Reisen Essen gehen Glutango Zöliakie

Christina Rückert spricht über ihren Blog "Glutango" und ihren Weg vom „Gluten-Eiertanz zum Tango!

Reisen und Essen gehen mit Glutango: Vom Gluten-Eiertanz zum Tango

Wie bereiten Sie Reisen und Restaurantbesuche heute vor?

Das hängt immer ganz davon ab, wo es hingeht und auch, wie ich mich an dem Tag fühle. Meist habe ich bereits ein grobes Wissen, wie die „glutenfreie Situation“ vor Ort ist. Wenn die Situation gut ist, suche ich spontan im Internet nach Empfehlungen, entweder direkt über die Suchmaschine oder über die Facebook Zöliakie Austausch Gruppe, und markiere mir die Orte im Handy auf der Karte. Dann schaue ich regelmäßig, ob ich mich gerade zufällig dort befinde.

Wenn es nicht viele Optionen gibt, dann plane ich auch schon mal meinen Tag so, dass ich an diesem Ort vorbeikomme. Anders ist es, wenn das Restaurant schon feststeht – zum Beispiel bei einer Familienfeier oder Treffen mit Freunden. Dann recherchiere ich spezifisch dieses Restaurant und rufe vorher dort an. Ich erfrage, was sie mir anbieten könnten. Meist klappt das auch ganz gut. Wenn das auch alles nichts hilft, esse ich einfach vorher zu Hause und bestelle im Restaurant nur etwas zu trinken.

Woran erkennen Sie, dass ein Hotel oder Restaurant vertrauenswürdig glutenfrei ist?

Am einfachsten ist es natürlich, wenn das Hotel oder das Restaurant ein „Zertifikat“ besitzt. Das habe ich relativ häufig in Portugal, Spanien und Italien gesehen. In Deutschland gibt es das leider bislang nur vereinzelt bei Restaurants. Jedoch tragen alle Vapiano Filialen dieses Zertifikat der Deutschen Zöliakie Gesellschaft. Das heißt, dass nach einem standardisierten Prozess evaluiert wird, ob Zöliakiebetroffene hier sicher essen können.

Aber auch bei diesen Zertifikaten kann man sich nicht immer zu 100 Prozent darauf verlassen. Daher stelle ich immer ein paar „Standardfragen“ zu Beginn. Zum Beispiel „Ich habe Zöliakie, kann ich bei Ihnen essen?“. Darüber hinaus schaue ich mir immer die Allergenkarte an. Finde ich hier viele konkrete „Fehler“ – frage ich noch einmal genauer nach.

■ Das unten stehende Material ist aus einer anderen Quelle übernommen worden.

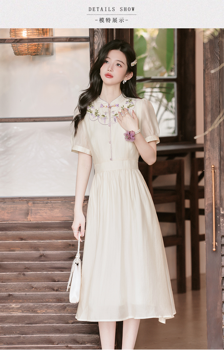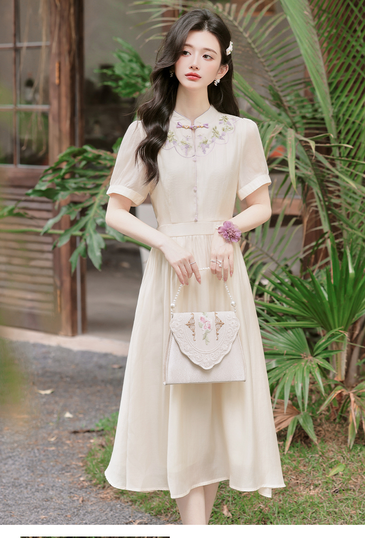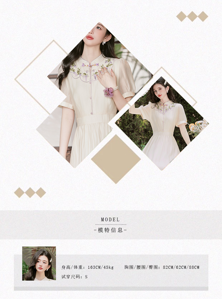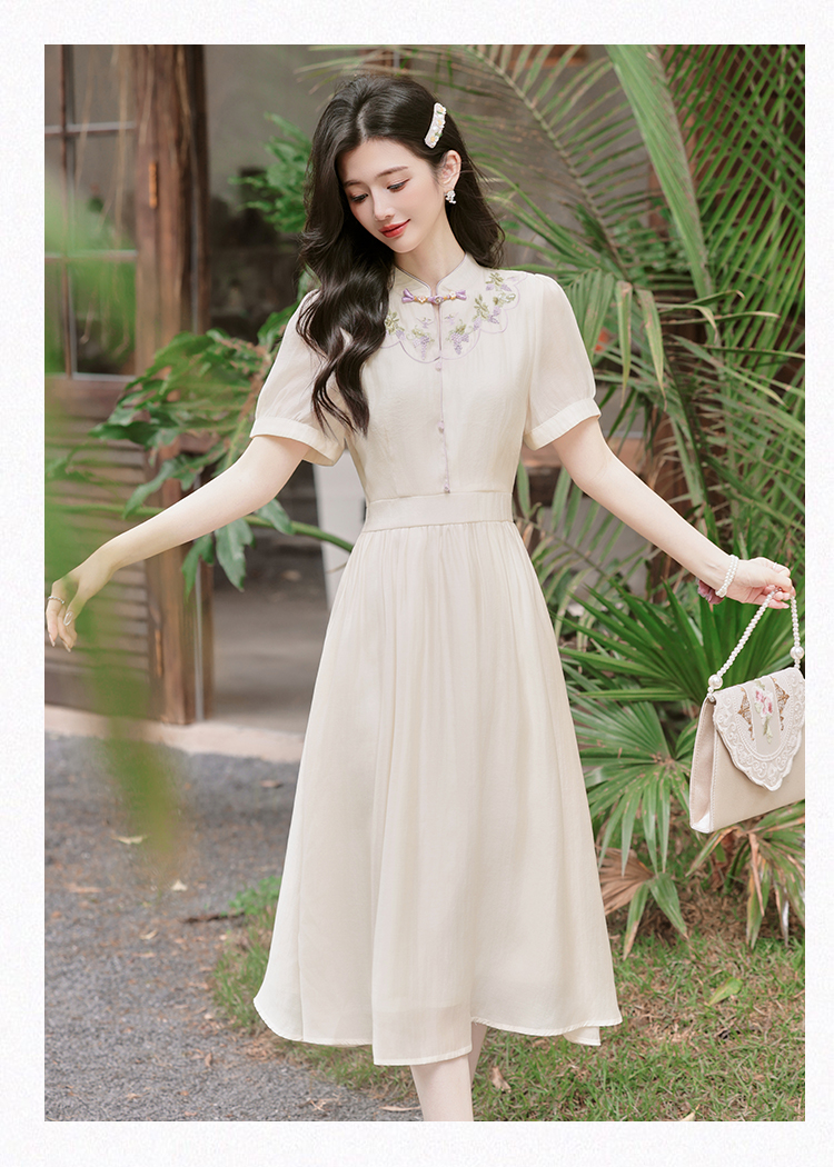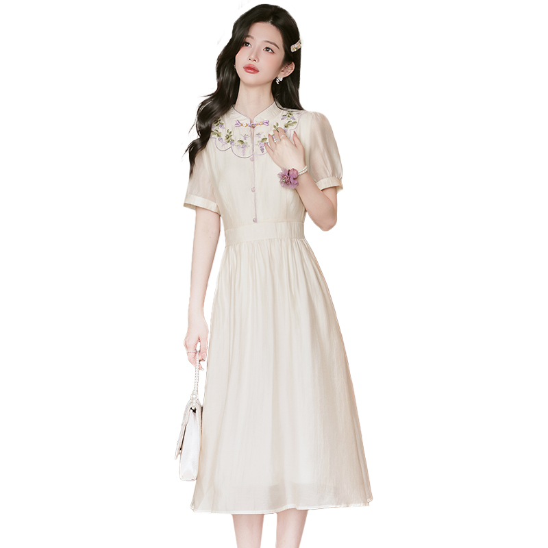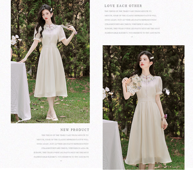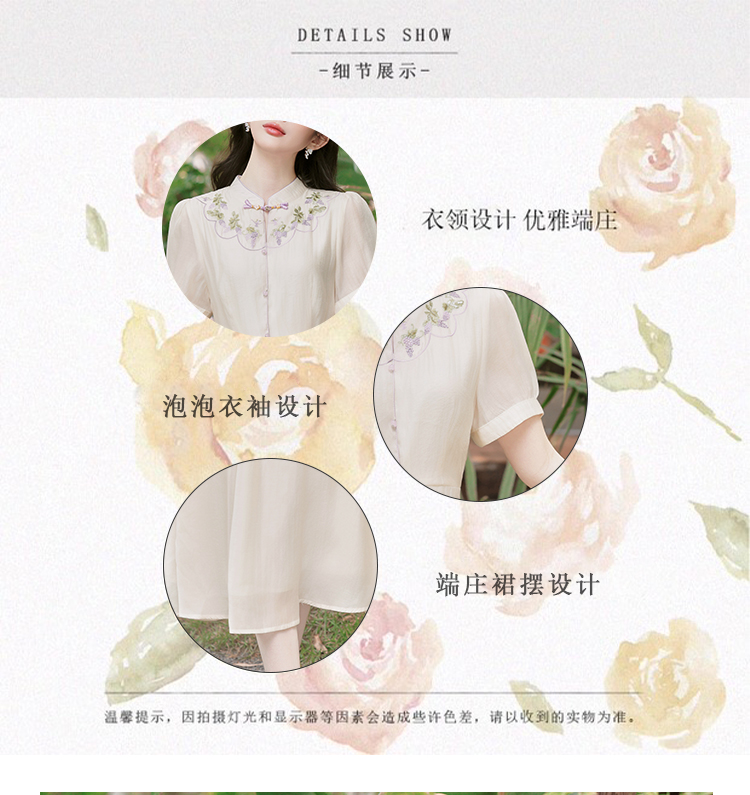 RY3091# 新款实拍 夏季新中式穿搭刺绣盘扣显瘦连衣裙+40

Kann das Personal nichts mit „Zöliakie“ anfangen oder äußert sich zum Beispiel „Gluten – das ist das mit dem Mehl, oder?“, gehe ich lieber wieder.

Das heißt, lieber verzichten, als ein Risiko einzugehen…

Wenn ich gerade beim Vorbeischlendern auf das Restaurant aufmerksam geworden bin und sich im Gespräch herausstellt, dass man keine Ahnung von „glutenfrei“ hat, gehe ich einfach wieder.

Wenn es keine andere Option gibt, wie zum Beispiel im Hotel, bringe ich mir zum Frühstück mein eigenes Brot mit und schaue, dass es am Buffet verpackte Lebensmittel (Nutella, Butter, Marmelade, etc.) gibt.

Wichtig ist aber auch, die Restaurants und Hotels aufzuklären. So erkläre ich, wieso ich das glutenfreie Brot, was direkt am glutenhaltigen Brot liegt, nicht essen kann und gebe einfache Lösungsvorschläge. Nicht immer werden die Tipps umgesetzt. Aber ich lebe nach dem Motto, dass man die Dinge nur ändern kann, wenn man sie anspricht.

Wie gesagt, es war mir früher unangenehm, nachzufragen. Aber es nützt nichts: Wir müssen fragen, fragen, fragen.

Welche Reiseziele bzw. Städte bzw. Restaurants sind Ihre glutenfrei-Favoriten?

Das größte glutenfreie Schlaraffenland bzw. Stadt war bislang Barcelona. Es gibt allein mindestens drei 100prozentig glutenfreie Bäckereien in einem Radius von 2 km. Es gibt so viele glutenfreie Empfehlungen, ich konnte gar nicht alles probieren!

Frau Rückert, herzlichen Dank für dieses Gespräch!